(Extracted information Opens)

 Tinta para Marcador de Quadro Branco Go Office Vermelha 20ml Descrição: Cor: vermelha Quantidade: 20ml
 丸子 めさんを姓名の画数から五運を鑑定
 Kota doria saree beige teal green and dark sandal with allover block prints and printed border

(Extracted information Closes)
(Extracted information Opens)

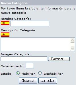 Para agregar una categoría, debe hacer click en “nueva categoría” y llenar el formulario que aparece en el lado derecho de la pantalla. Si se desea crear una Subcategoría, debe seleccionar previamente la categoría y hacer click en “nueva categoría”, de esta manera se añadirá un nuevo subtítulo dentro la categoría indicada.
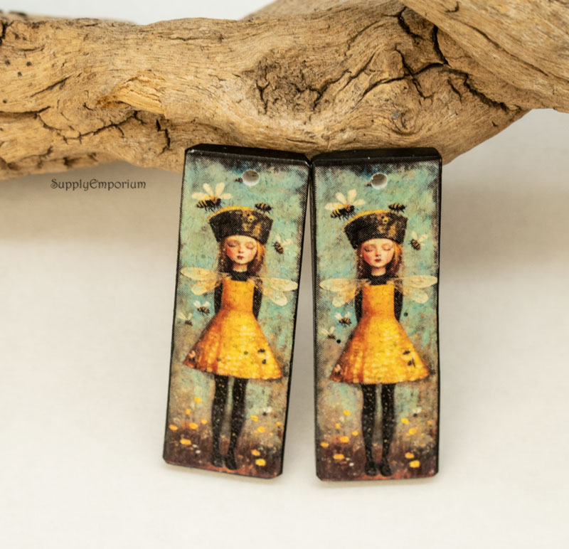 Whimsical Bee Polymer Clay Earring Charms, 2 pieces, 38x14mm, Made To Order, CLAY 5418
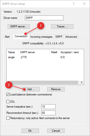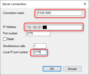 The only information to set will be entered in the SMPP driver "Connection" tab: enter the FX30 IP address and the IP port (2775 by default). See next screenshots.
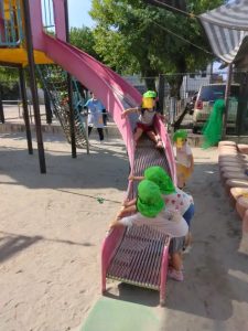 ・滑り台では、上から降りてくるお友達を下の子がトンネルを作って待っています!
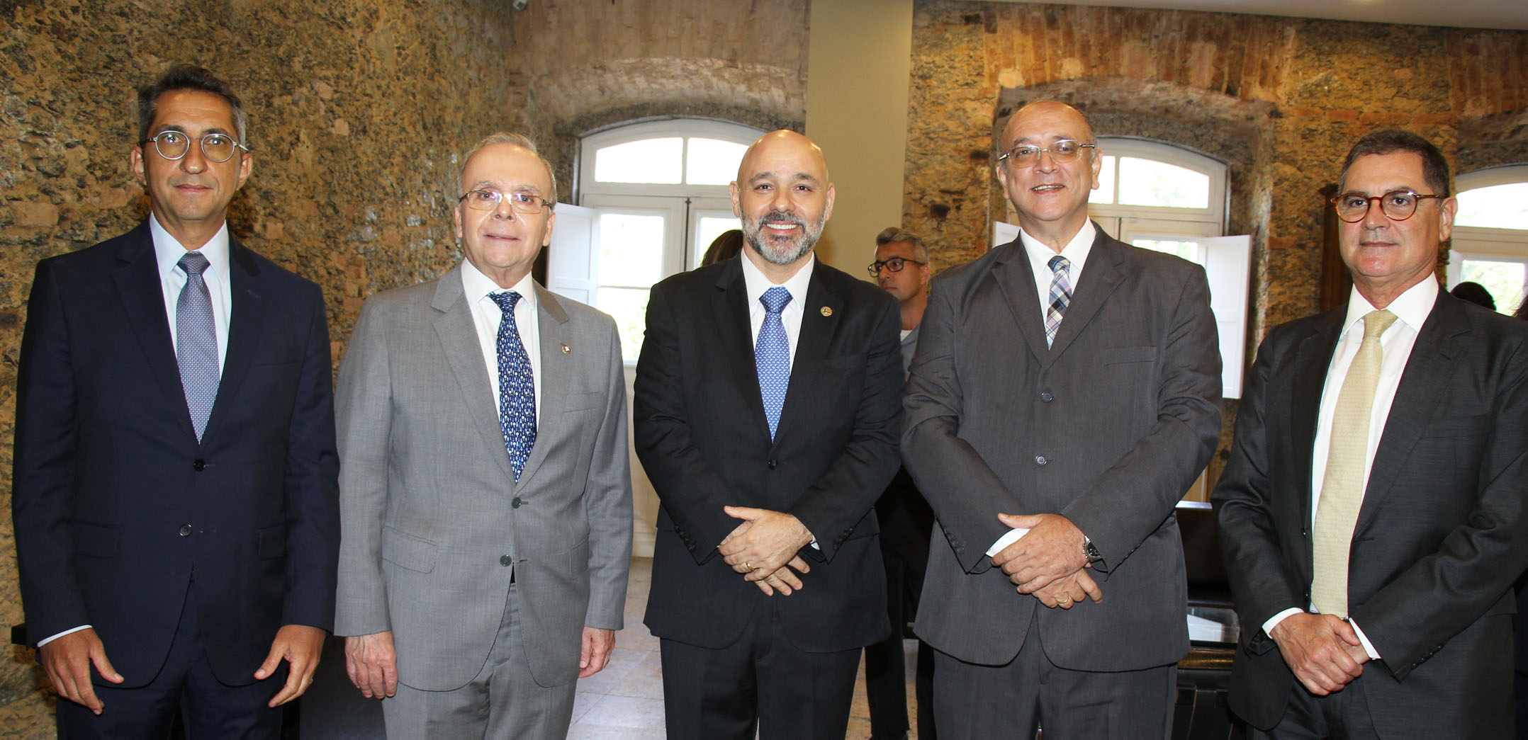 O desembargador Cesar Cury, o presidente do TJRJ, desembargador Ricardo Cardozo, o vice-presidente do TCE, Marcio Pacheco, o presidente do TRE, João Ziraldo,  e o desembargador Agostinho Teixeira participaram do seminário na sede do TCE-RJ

(Extracted information Closes)
(Extracted information Opens)

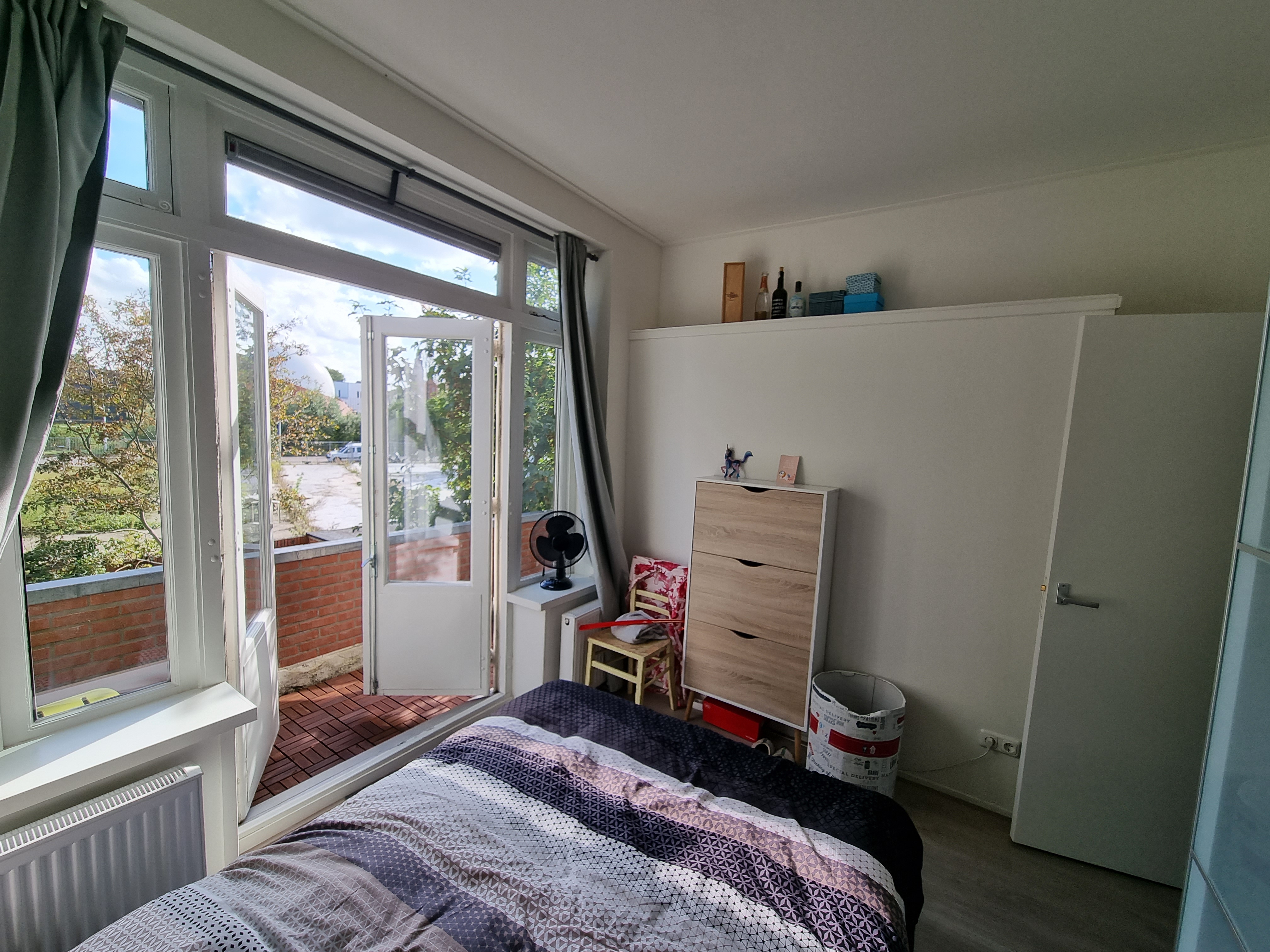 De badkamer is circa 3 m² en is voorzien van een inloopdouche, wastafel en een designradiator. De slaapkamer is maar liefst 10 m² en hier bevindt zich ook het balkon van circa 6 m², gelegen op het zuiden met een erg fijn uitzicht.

(Extracted information Closes)

* **Exercise**
Return exactly the lines above from the line that has "Tinta para Marcador" through the line that has "Kota doria saree", inclusive, and nothing else.

* **Task response**
 Tinta para Marcador de Quadro Branco Go Office Vermelha 20ml Descrição: Cor: vermelha Quantidade: 20ml
 丸子 めさんを姓名の画数から五運を鑑定
 Kota doria saree beige teal green and dark sandal with allover block prints and printed border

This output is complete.